For me, these regrets began to settle when I was washing the silverware at 27 years old. At that point in my life, I had been to more friends’ funerals than weddings. And during one of the funeral after-parties (they weren’t receptions, they were after-parties), I realized that the people around me weren’t living. At best, they were coping. (Which, logic follows, meant that I, too, was simply coping through the years.) I began dreaming about a normal life, one in which the stories I told weren’t about that acquaintance who crashed his car into a barrier on the FDR while driving drunk. I wanted different friends, ones who didn’t go missing for three days at a time on strange and sad benders. I wanted out of my scene. I wanted to be 32.

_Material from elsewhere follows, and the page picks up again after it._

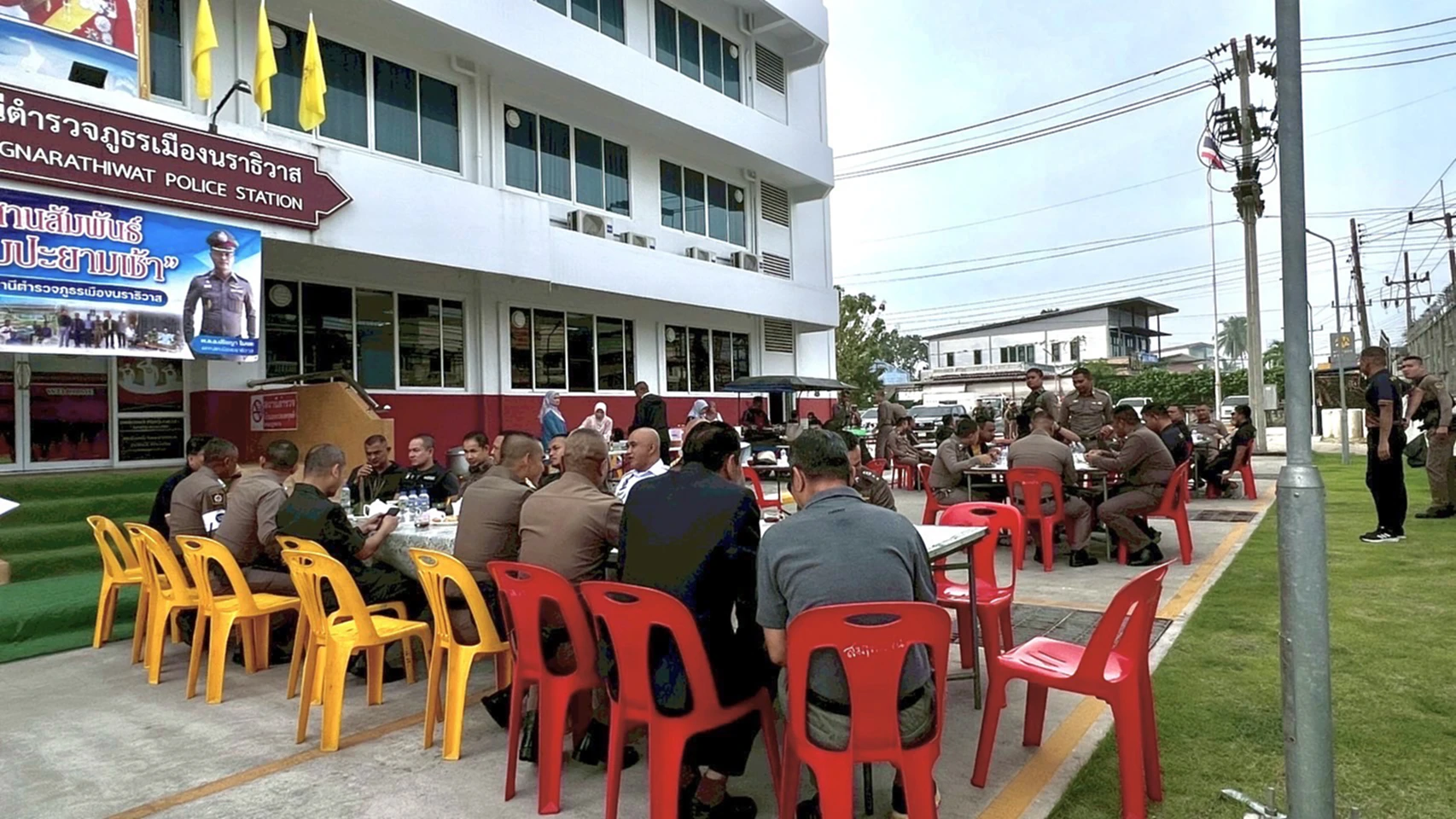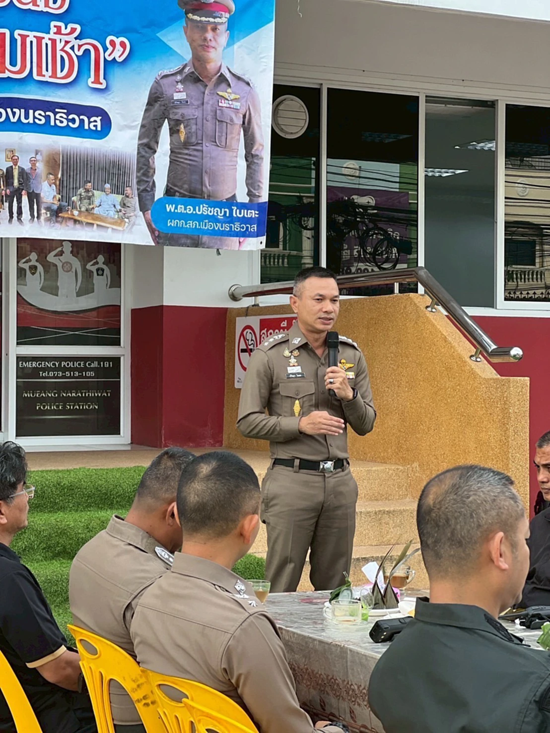 นอกจากนี้ พ.ต.อ.ปรัชญา ไบเตะ ยังให้ความสำคัญกับกำลังพลบรรจุใหม่ โดยถือโอกาสเชิญหน่วยงานที่เกี่ยวข้องร่วมพบปะกับฝ่ายบริหาร ระดับรอง ผกก. และ สว. ในสังกัด สภ.เมืองนราธิวาส เพื่อแนะนำตัวกำลังพลที่ได้รับการบรรจุแต่งตั้งเมื่อวันที่ 8 ธ.ค.68 ให้หัวหน้าส่วนราชการและข้าราชการตำรวจในพื้นที่ได้รู้จักในคราวเดียวกัน โดยมีผู้แทนจากหลายหน่วยงาน อาทิ นายอำเภอเมืองนราธิวาส รอง ผบก.ภ.จว.นราธิวาส ผู้บังคับหน่วยเฉพาะกิจตำรวจนราธิวาส 93 หน่วยทหาร ฝ่ายปกครอง คณะกรรมการตรวจสอบและติดตามการบริหารงานตำรวจ (กต.ตร.) รวมถึงหน่วยงานการศึกษาและราชการอื่น ๆ เข้าร่วมกิจกรรมอย่างพร้อมเพรียง

Last month, just a few months shy of turning 30, I was on a bus from Las Vegas to Los Angeles when I decided that I wanted to explore the middle of nowhere. So I got off in Barstow, California and dragged my suitcase up Route 66 to the Mexican cafe with the best reviews. A souped-up Audi roared down the highway, knocking up clouds of dust. The buildings were all squat and brown or burgundy or puce. It’s not true to say that there’s nothing in Barstow. What’s more true is that the locals don’t want there to be anything. They treat the desert mountains like a backdrop some stagehand was too lazy to put away.
“Oh, mija,” the waitress at the cafe sighed when I asked her about town. “There’s nothing here. Some mountains a few miles away, if you’re into that sort of thing.”
I couldn’t understand her flippancy. To me, the dusty town was glorious. Vultures cawed in slow circles above broken chainlink fences. The only landmarks were a luxury hotel that never got off the ground and the country’s first Del Taco. But then again, my favorite place is always “somewhere I’ve never been.” And I tend to find mundanity beautiful, particularly if it isn’t my own.
Around the time that I was washing dishes and convinced myself that I was 32 years old, I was dating this guy who was rail-thin and a wannabe rockstar. (Luckily, he was one of those musicians who had shows where you didn’t mind bringing friends because they would invariably give validation like “Woah, they’re actually pretty good.”) And one night, after a show at a beer-soaked bar in Greenpoint, I went to the wannabe rockstar’s mattress on the floor of his apartment. He had just painted the walls bright purple. Books were scattered everywhere — mostly rock biographies and Buddhist scripture — and between copies of Keith Richards’ autobiography and the Baghavad Gita, he told me that his dad had recently committed suicide. A few years earlier, his grandfather had, as well. He was angry at them. His jaw got tight and he said, “All I want is to have gray hair. I just want to go gray. I just don’t want to kill myself.” I thought it was one of the most poetic things I had ever heard a person say. I loved the idea of craving ongoing mundanity as retaliation against senseless destruction. (To rage, rage against the rage, rage.)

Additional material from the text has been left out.